Activity - Pictures are to be left out; every line from the one with "客廳的沙發(fā)是時下很流" through the end of the data must be transcribed exactly.

(Records from a data source)
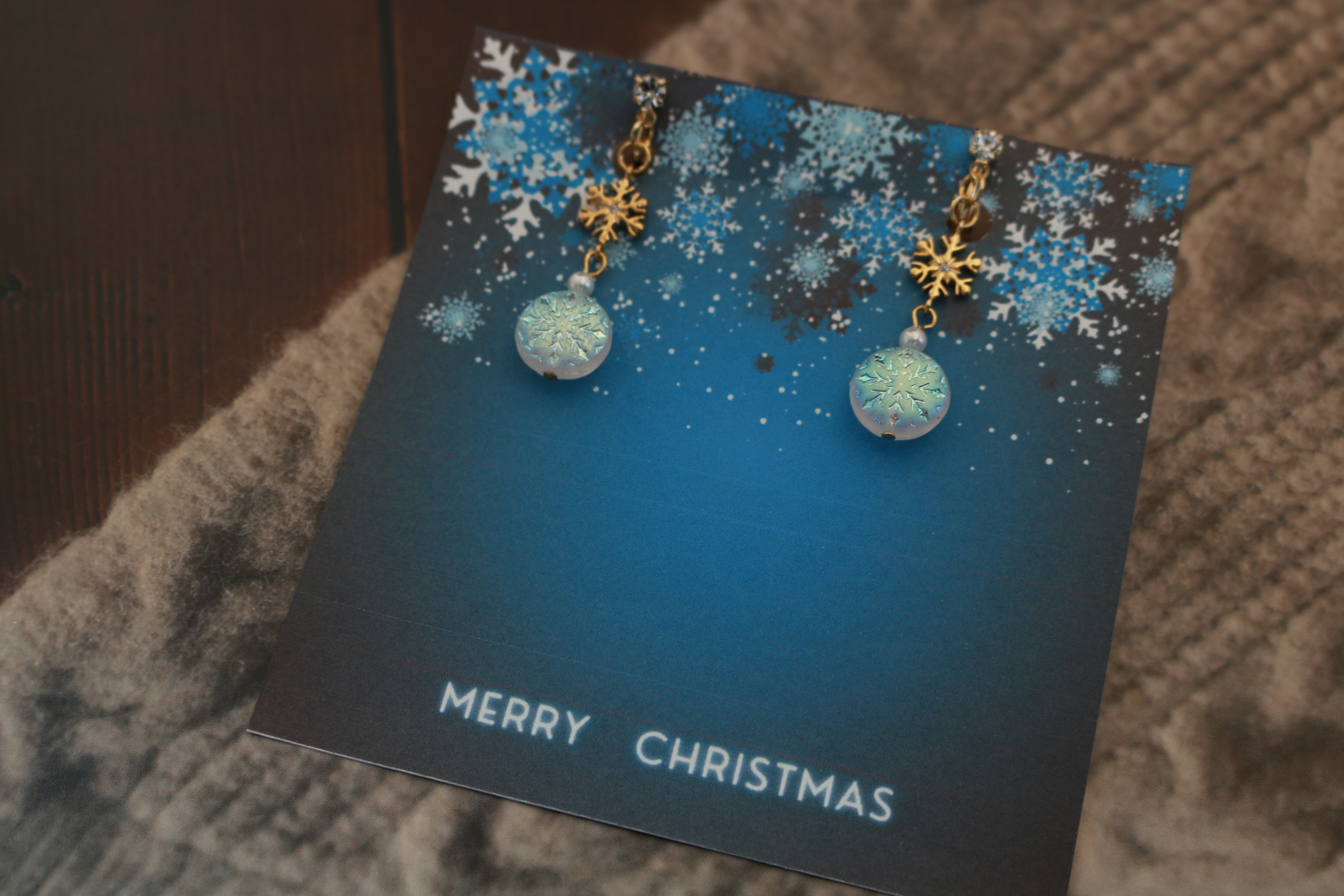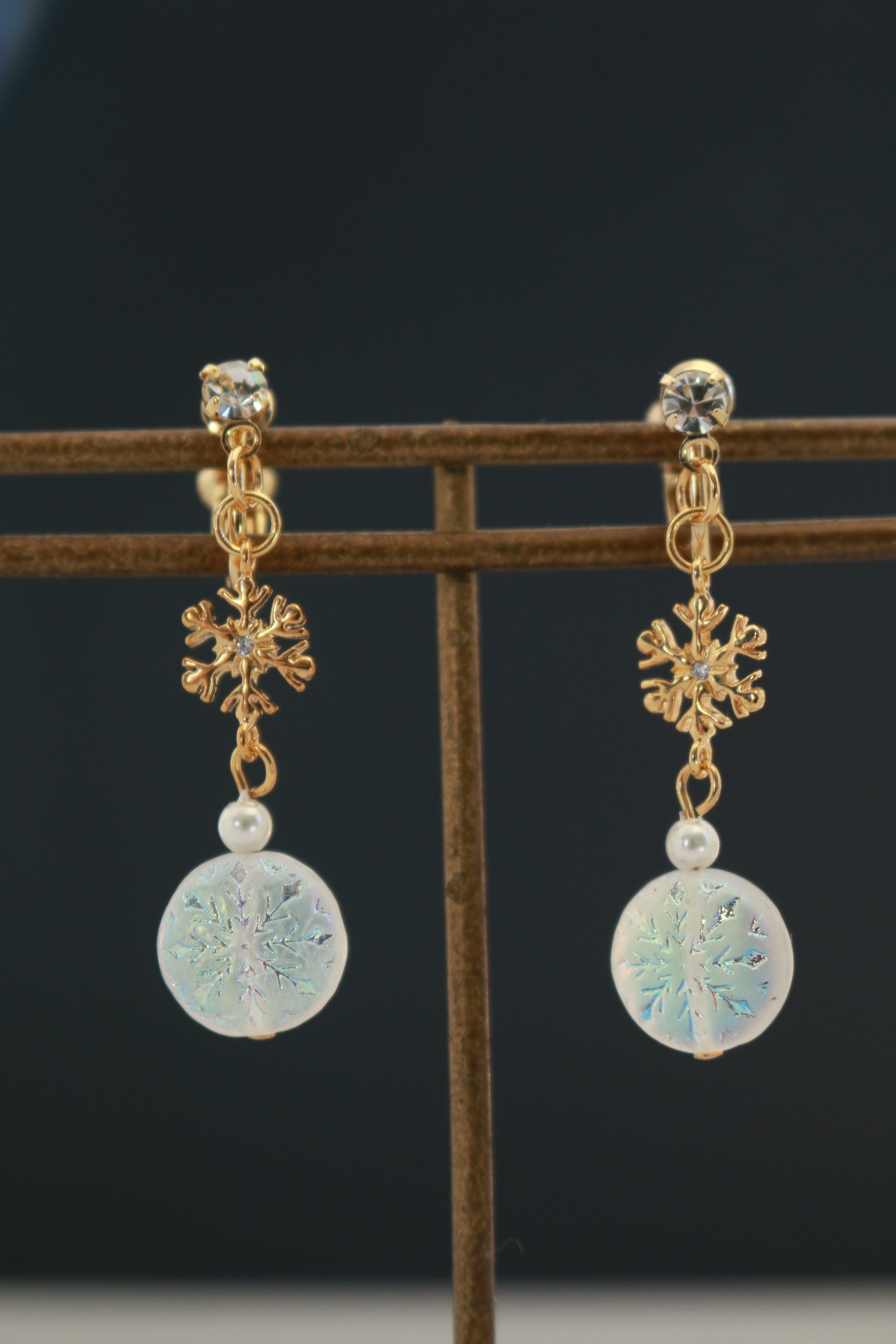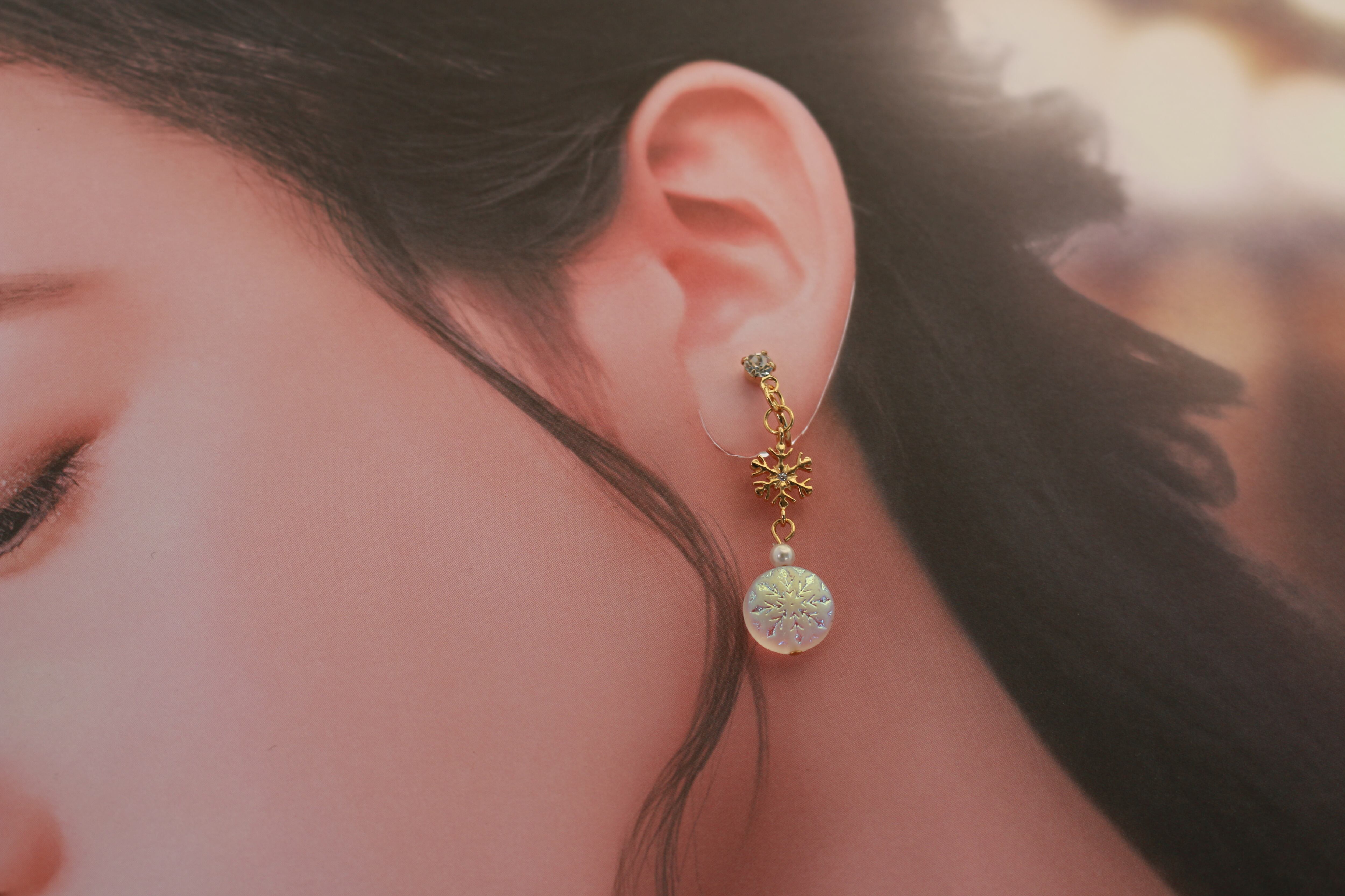 耳元で揺れる姿は、まるで冬の精霊が宿ったように神秘的です。
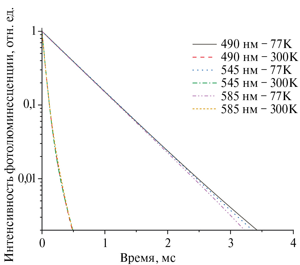 Спектры фосфоресценции в видимом спектральном диапазоне для координационных соединений иона Gd3+ регистрировали на том же спектрофлуориметре, используя импульсную ксеноновую лампу в качестве источника возбуждения. Твердые образцы помещали в кварцевые капилляры и охлаждались до 77 К в кварцевом криостате, наполненном жидким азотом. Кинетику люминесценции регистрировали на том же приборе, используя импульсную ксеноновую лампу с частотой повторения импульсов 100 Гц и длительностью импульса 50 мкс.
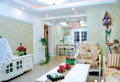 客廳的沙發(fā)是時下很流行的布藝與實木結(jié)合的款式,大花朵布藝與白色外框搭配很大氣。電視柜、鞋柜、茶幾、餐桌椅,每一件家具都是白色的,用花瓶、桌旗等飾品進(jìn)行點綴,顯得既整潔又不呆板。
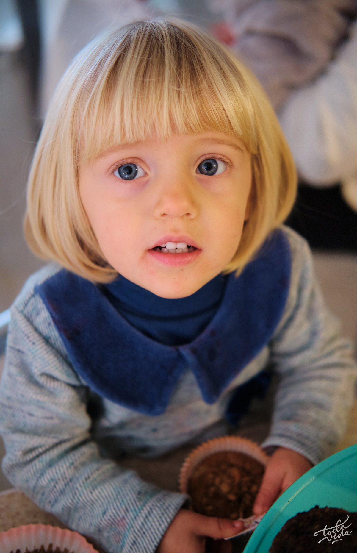 Teresa comendo frutinhas na sua festa de aniversário em Florianópolis
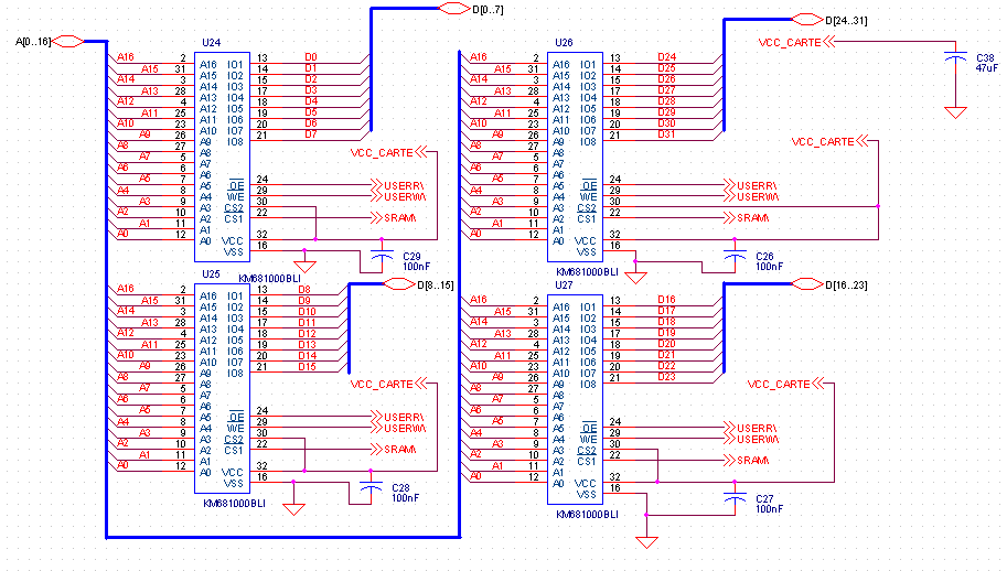 Les lignes d'adresses sont directement issues du DSP (A0-A16).

The completed task -
 客廳的沙發(fā)是時下很流行的布藝與實木結(jié)合的款式,大花朵布藝與白色外框搭配很大氣。電視柜、鞋柜、茶幾、餐桌椅,每一件家具都是白色的,用花瓶、桌旗等飾品進(jìn)行點綴,顯得既整潔又不呆板。
 Teresa comendo frutinhas na sua festa de aniversário em Florianópolis
 Les lignes d'adresses sont directement issues du DSP (A0-A16).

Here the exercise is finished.